----- RECORDS FOR THE EXERCISE -----
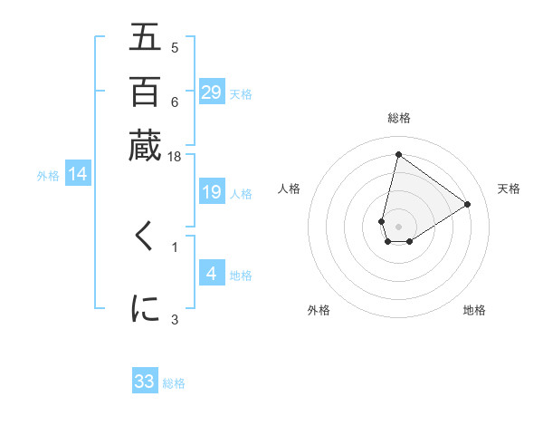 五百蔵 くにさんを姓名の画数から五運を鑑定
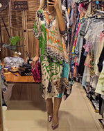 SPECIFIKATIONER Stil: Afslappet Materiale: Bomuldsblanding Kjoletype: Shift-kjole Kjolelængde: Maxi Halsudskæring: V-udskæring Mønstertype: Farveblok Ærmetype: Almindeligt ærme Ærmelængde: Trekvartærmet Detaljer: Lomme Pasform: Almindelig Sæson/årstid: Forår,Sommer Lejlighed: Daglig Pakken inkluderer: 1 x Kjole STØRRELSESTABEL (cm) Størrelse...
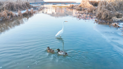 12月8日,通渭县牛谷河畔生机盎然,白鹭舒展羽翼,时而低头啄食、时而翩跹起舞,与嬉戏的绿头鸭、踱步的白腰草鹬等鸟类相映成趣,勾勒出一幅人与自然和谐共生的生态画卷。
-----
----- RECORDS FOR THE EXERCISE -----
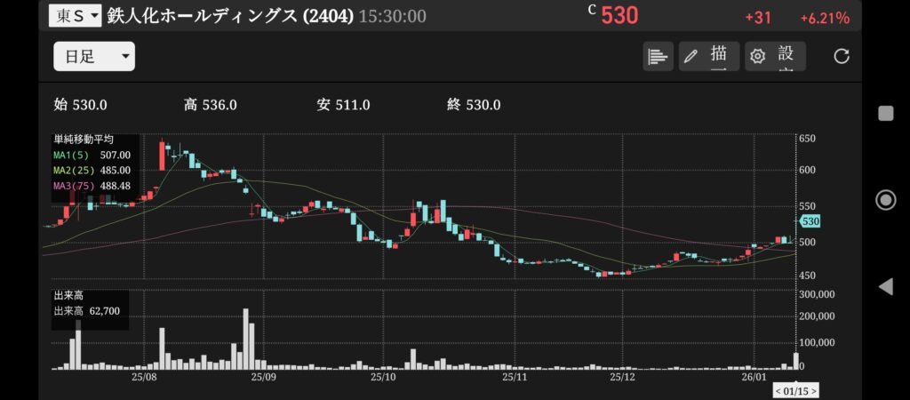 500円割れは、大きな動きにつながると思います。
-----
**WHAT IS REQUIRED**: Copy the lines above exactly, starting at the one with "五百蔵 くにさんを姓名の画数から五運を鑑定" and ending at the one with "12月8日,通渭县牛谷河畔生", both included. Leave out any pictures and add nothing else.

**EXERCISE ANSWER**:
 五百蔵 くにさんを姓名の画数から五運を鑑定
 SPECIFIKATIONER Stil: Afslappet Materiale: Bomuldsblanding Kjoletype: Shift-kjole Kjolelængde: Maxi Halsudskæring: V-udskæring Mønstertype: Farveblok Ærmetype: Almindeligt ærme Ærmelængde: Trekvartærmet Detaljer: Lomme Pasform: Almindelig Sæson/årstid: Forår,Sommer Lejlighed: Daglig Pakken inkluderer: 1 x Kjole STØRRELSESTABEL (cm) Størrelse...
 12月8日,通渭县牛谷河畔生机盎然,白鹭舒展羽翼,时而低头啄食、时而翩跹起舞,与嬉戏的绿头鸭、踱步的白腰草鹬等鸟类相映成趣,勾勒出一幅人与自然和谐共生的生态画卷。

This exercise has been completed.